I have a column that is an arbitrary length array of key/value structs:
StructType([
StructField("key", StringType(), False),
StructType([
StructField("string_value", StringType(), True),
StructField("int_value", IntegerType(), True),
StructField("float_value", FloatType(), True),
StructField("double_value", DoubleType(), True)
])
])
I know that there are only a few different key names and what each of their data types is. For example, name is always a string, birth_year is always an integer, etc.

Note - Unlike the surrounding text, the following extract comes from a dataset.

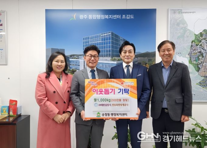 이에 대해 김선영·구자경 송정동 지역사회보장협의체 공동위원장은 “매년 잊지 않고 따뜻한 마음을 전해주시는 두 기업에 깊이 감사드린다”며 “기탁해 주신 소중한 쌀은 도움이 꼭 필요한 이웃들에게 정성껏 전달하겠다”고 전했다.
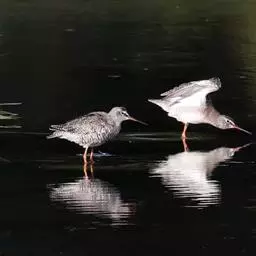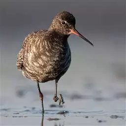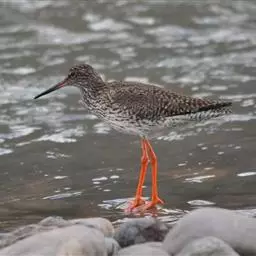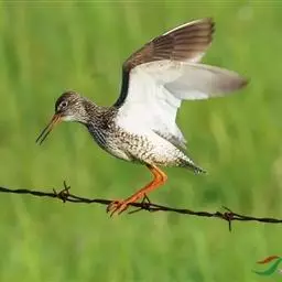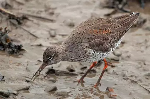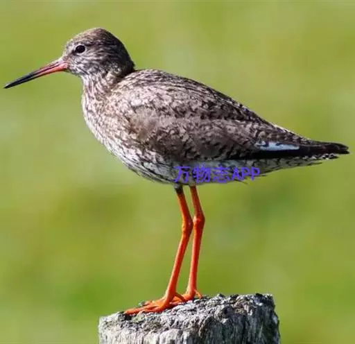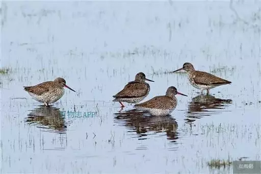 红脚鹬(学名:Tringa totanus):体长28厘米,上体褐灰,下体白色,胸具褐色纵纹。飞行时腰部白色明显,次级飞羽具明显白色外缘。尾上具黑白色细斑。虹膜黑褐色,嘴长直而尖,基部橙红色,尖端黑褐色。脚较细长,亮橙红色,繁殖期变为暗红色。幼鸟橙黄色。

Not every attribute will always be present, so the predefined struct must have all nullable values, e.g.:
StructType([
StructField("first_name", StringType(), True),
StructField("middle_name", StringType(), True),
StructField("last_name", StringType(), True),
StructField("birth_year", IntegerType(), True),
StructField("ssn", IntegerType(), True),
StructField("zipcode", IntegerType(), True),
])
My incoming columns will look something like this:
[
(key: "first_name", value: (string_type: "John")),
(key: "ssn", value: (int_type: 123456789)),
(key: "last_name", value: (string_type: "Doe")),
]
------------------------------------------------------
[
(key: "ssn", value: (int_type: 987654321)),
(key: "last_name", value: (string_type: "Jones")),
]
------------------------------------------------------
[
(key: "zipcode", value: (int_type: 13579)),
(key: "first_name", value: (string_type: "Bob")),
(key: "birth_year", value: (int_type: 1985)),
(key: "last_name", value: (string_type: "Smith")),
]
and I want them to become a column of the person struct like this:
{
first_name: "John",
last_name: "Doe",
ssn: 123456789
}
------------------------------------------------------
{
last_name: "Jones",
ssn: 987654321
}
------------------------------------------------------
{
first_name: "Bob",
last_name: "Smith",
birth_year: 1985,
zipcode: 13579
}
This is a playground example, but the real data will have several billion rows, so performance is important and it shouldn't use Python UDFs, but rather only things from pyspark.sql.functions.